§ **TASK TO COMPLETE**: Write every entry out again exactly, please, and skip the pictures.

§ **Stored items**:
+ + + +

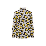 Gray Leopard print pattern Women's Long Sleeve Polo Shirt
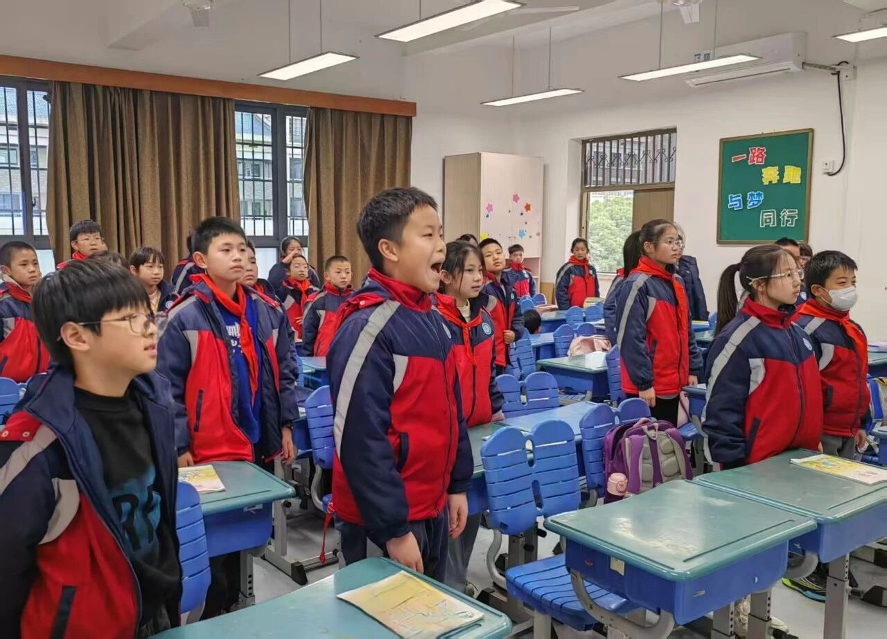 2025年12月22日清晨,在庄严肃穆的国歌声中,我校全体师生通过线上直播平台同步举行“寻红色初心,做时代新苗”纪念毛泽东同志诞辰主题升旗仪式。本次活动由三(1)中队承办,通过主题演讲、故事讲述、诗词朗诵、手势舞表演等多种形式,深切缅怀伟大领袖毛泽东同志的丰功伟绩,激励全体师生传承红色基因,汲取奋进力量。
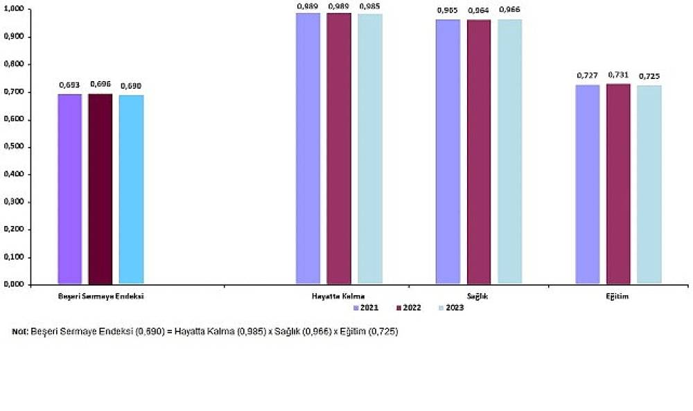 Beşeri sermaye endeksi, 2021 yılında 0,693 iken 2022 yılında 2021'e göre %0,5 artarak 0,696 oldu. 2023 yılında 2022'ye göre %0,9 azalarak 0,690 oldu.
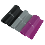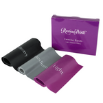 Stay in style while exercising your feet, limbs and core with this set of RP Exercise Bands in three strengths. Each band is 47 inches long and 6 inches wide, with the RP logo. Each strength is a different color: purple for light resistance, grey for medium resistance, and black for strongest resistance.
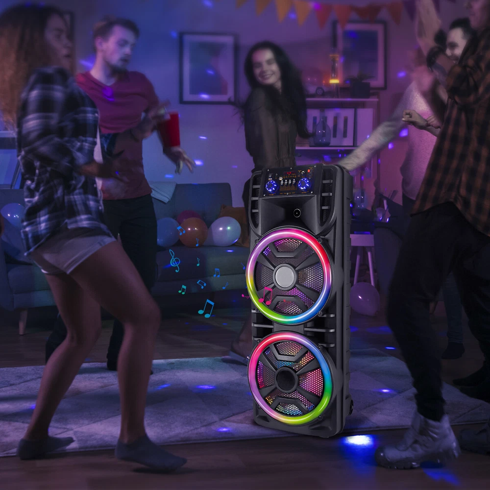 12'' Portable Dual Bluetooth FM Speaker Subwoofer Heavy Bass Sound Karaoke W/Mic Features: Bluetooth Wireless speakers Loud - Great Sound Quality: Party Bluetooth Speaker is designed for the ultimate in-music sound, The wireless bluetooth speaker is equipped dual 12'' heavy bass . It can provide very powerful stereo and amazing bass sound. It has the ultimate sound and the colorful LED light show will bring you an unprecedented audio-visual feast, which will make the party atmosphere extraordinary. Bluetooth speakers portable wireless - TWS Function & Colorful Light Show : The pairing of two loud big bluetooth speakers are crazy, the 2800W stereo surround sound immediately invades your hearing. The colorful lights occupy your field of vision, and your heart beats wildly with the music. It's awesome Light Show! Multifunctional portable bluetooth speaker - Large capacity battery & Bluetooth 5.0: The powerful long-life 3600MAH battery technology Supports long play time and colorful light show.Bluetooth 5.0 technology can freely and easily connect your Bluetooth speaker to your smart phone, including other Bluetooth-enabled devices compatible. The 3.5mm audio aux cable is wired to smartphone, MP3, MP4, Computer, PC, TV and other non-Bluetooth devices with 3.5mm audio jack. Karaoke machine for kids adults - Karaoke Machine & PA System: Speaker is equipped with karaoke system and PA system. It is recommended to use it with a microphone, so that the passionate singing can provide the best musical atmosphere and effect for your party. It can make your kids, family members and friends enjoy more happiness in life; It can also make the work of teachers, tour guides, dancers, etc. easier and more convenient. Specification: Type:Portable Speaker System Material: ABS Speaker: 12 inches * 2 Color: Black Music power: 2800W Bluetooth model: ABX-214R Input voltage: DC5V 1A Function modes: Bluetooth, AUX, FM, USB, TF card Panel ports: display interface, switch knob, charging indicator light, MICRO charging interface, 3.5mm audio interface, 6.5mm microphone interface, USB flash drive, TF card Panel buttons: Up and down track keys Battery: Built in 3600MAH 7.4V lithium battery Unit Dimensions (in): 36.5 x 14 x 12.5 Unit Weight (lbs): 20.7 Package Includes: 1 x Wireless Party Speaker 1 x Microphone 1 x AC Adaptor 1 x Remote Control 1 x User Manual Shipping Payment Return and Refund Policy Feedback Help - Customer Support - Contac Shipping FREE SAME BUSINESS DAY MONDAY- FRIDAY SHIPPING FROM USA. No shipping on Weekends or US Public Holidays. No responsibility for any custom duty We will ship your order to your PayPal Verified address provided. Please verify your address and make sure that it is your current address before making your payment. Any address change requests after your payment CANNOT be guaranteed. Shipping information will be updated when available. All of our products can be shipped internationally. To confirm the shipping rates to your country please refer to eBay's Shipping Tab above. Any brokerage, customs, and duty fees associated with international shipments are the customer's responsibility and are not included in our shipping fee. A phone number is required for the customs documents. Failure to provide one will result in delays. We do not include an invoice or any advertising materials with our shipments. Payment Immediate payment is required. Shipping will be arranged within 1 business day once payment is cleared. To uphold a shipping speed, your order will be processed almost immediately. If you change your mind after your payment is confirmed, we will do our best to cancel the order, however, we CANNOT guarantee the cancellation. Return and Refund Policy 1. We stand behind our items and offer 30 days warranty . All items are in new and working condition unless specified otherwise elsewhere in the description. 2. All Returns - defective or otherwise - MUST BE PREAUTHORIZED to guarantee refund or exchange. Please contact us to get an authorization and return address. 3. Buyer agrees to pay for the cost of re-shipment for undeliverable or wrong addresses. 4. Buyer is responsible for Return Postage as well as a 20% restocking fee if return/replacement is not a result of our mistake such as wrong item. 5. Replacement or Refund will be made upon receipt of the returned item. Please include tracking number so we can process ASAP. If you do not wish to wait for a replacement, please repurchase the item. 6. ALL REFUNDS will be processed via PayPal. Please double check via PayPal history and transaction for confirmation. PayPal will send it back to whatever you used to pay within 3-5 days. Feedback We strive to provide the best products and services. Your positive feedback 5 stars DSR help us do better. If anything about your transaction did not meet expectations, please CONTACT US and give us the opportunity to make things right. We are always here to help. Help - Customer Support - Contac Please do not hesitate to CONTACT US . You can message 24/7 on eBay for all questions and inquiries. We will get back to you within 1-2 business days at the latest.

+ + + +

§ **ANSWER SECTION**:
 Gray Leopard print pattern Women's Long Sleeve Polo Shirt
 2025年12月22日清晨,在庄严肃穆的国歌声中,我校全体师生通过线上直播平台同步举行“寻红色初心,做时代新苗”纪念毛泽东同志诞辰主题升旗仪式。本次活动由三(1)中队承办,通过主题演讲、故事讲述、诗词朗诵、手势舞表演等多种形式,深切缅怀伟大领袖毛泽东同志的丰功伟绩,激励全体师生传承红色基因,汲取奋进力量。
 Beşeri sermaye endeksi, 2021 yılında 0,693 iken 2022 yılında 2021'e göre %0,5 artarak 0,696 oldu. 2023 yılında 2022'ye göre %0,9 azalarak 0,690 oldu.
 Stay in style while exercising your feet, limbs and core with this set of RP Exercise Bands in three strengths. Each band is 47 inches long and 6 inches wide, with the RP logo. Each strength is a different color: purple for light resistance, grey for medium resistance, and black for strongest resistance.
 12'' Portable Dual Bluetooth FM Speaker Subwoofer Heavy Bass Sound Karaoke W/Mic Features: Bluetooth Wireless speakers Loud - Great Sound Quality: Party Bluetooth Speaker is designed for the ultimate in-music sound, The wireless bluetooth speaker is equipped dual 12'' heavy bass . It can provide very powerful stereo and amazing bass sound. It has the ultimate sound and the colorful LED light show will bring you an unprecedented audio-visual feast, which will make the party atmosphere extraordinary. Bluetooth speakers portable wireless - TWS Function & Colorful Light Show : The pairing of two loud big bluetooth speakers are crazy, the 2800W stereo surround sound immediately invades your hearing. The colorful lights occupy your field of vision, and your heart beats wildly with the music. It's awesome Light Show! Multifunctional portable bluetooth speaker - Large capacity battery & Bluetooth 5.0: The powerful long-life 3600MAH battery technology Supports long play time and colorful light show.Bluetooth 5.0 technology can freely and easily connect your Bluetooth speaker to your smart phone, including other Bluetooth-enabled devices compatible. The 3.5mm audio aux cable is wired to smartphone, MP3, MP4, Computer, PC, TV and other non-Bluetooth devices with 3.5mm audio jack. Karaoke machine for kids adults - Karaoke Machine & PA System: Speaker is equipped with karaoke system and PA system. It is recommended to use it with a microphone, so that the passionate singing can provide the best musical atmosphere and effect for your party. It can make your kids, family members and friends enjoy more happiness in life; It can also make the work of teachers, tour guides, dancers, etc. easier and more convenient. Specification: Type:Portable Speaker System Material: ABS Speaker: 12 inches * 2 Color: Black Music power: 2800W Bluetooth model: ABX-214R Input voltage: DC5V 1A Function modes: Bluetooth, AUX, FM, USB, TF card Panel ports: display interface, switch knob, charging indicator light, MICRO charging interface, 3.5mm audio interface, 6.5mm microphone interface, USB flash drive, TF card Panel buttons: Up and down track keys Battery: Built in 3600MAH 7.4V lithium battery Unit Dimensions (in): 36.5 x 14 x 12.5 Unit Weight (lbs): 20.7 Package Includes: 1 x Wireless Party Speaker 1 x Microphone 1 x AC Adaptor 1 x Remote Control 1 x User Manual Shipping Payment Return and Refund Policy Feedback Help - Customer Support - Contac Shipping FREE SAME BUSINESS DAY MONDAY- FRIDAY SHIPPING FROM USA. No shipping on Weekends or US Public Holidays. No responsibility for any custom duty We will ship your order to your PayPal Verified address provided. Please verify your address and make sure that it is your current address before making your payment. Any address change requests after your payment CANNOT be guaranteed. Shipping information will be updated when available. All of our products can be shipped internationally. To confirm the shipping rates to your country please refer to eBay's Shipping Tab above. Any brokerage, customs, and duty fees associated with international shipments are the customer's responsibility and are not included in our shipping fee. A phone number is required for the customs documents. Failure to provide one will result in delays. We do not include an invoice or any advertising materials with our shipments. Payment Immediate payment is required. Shipping will be arranged within 1 business day once payment is cleared. To uphold a shipping speed, your order will be processed almost immediately. If you change your mind after your payment is confirmed, we will do our best to cancel the order, however, we CANNOT guarantee the cancellation. Return and Refund Policy 1. We stand behind our items and offer 30 days warranty . All items are in new and working condition unless specified otherwise elsewhere in the description. 2. All Returns - defective or otherwise - MUST BE PREAUTHORIZED to guarantee refund or exchange. Please contact us to get an authorization and return address. 3. Buyer agrees to pay for the cost of re-shipment for undeliverable or wrong addresses. 4. Buyer is responsible for Return Postage as well as a 20% restocking fee if return/replacement is not a result of our mistake such as wrong item. 5. Replacement or Refund will be made upon receipt of the returned item. Please include tracking number so we can process ASAP. If you do not wish to wait for a replacement, please repurchase the item. 6. ALL REFUNDS will be processed via PayPal. Please double check via PayPal history and transaction for confirmation. PayPal will send it back to whatever you used to pay within 3-5 days. Feedback We strive to provide the best products and services. Your positive feedback 5 stars DSR help us do better. If anything about your transaction did not meet expectations, please CONTACT US and give us the opportunity to make things right. We are always here to help. Help - Customer Support - Contac Please do not hesitate to CONTACT US . You can message 24/7 on eBay for all questions and inquiries. We will get back to you within 1-2 business days at the latest.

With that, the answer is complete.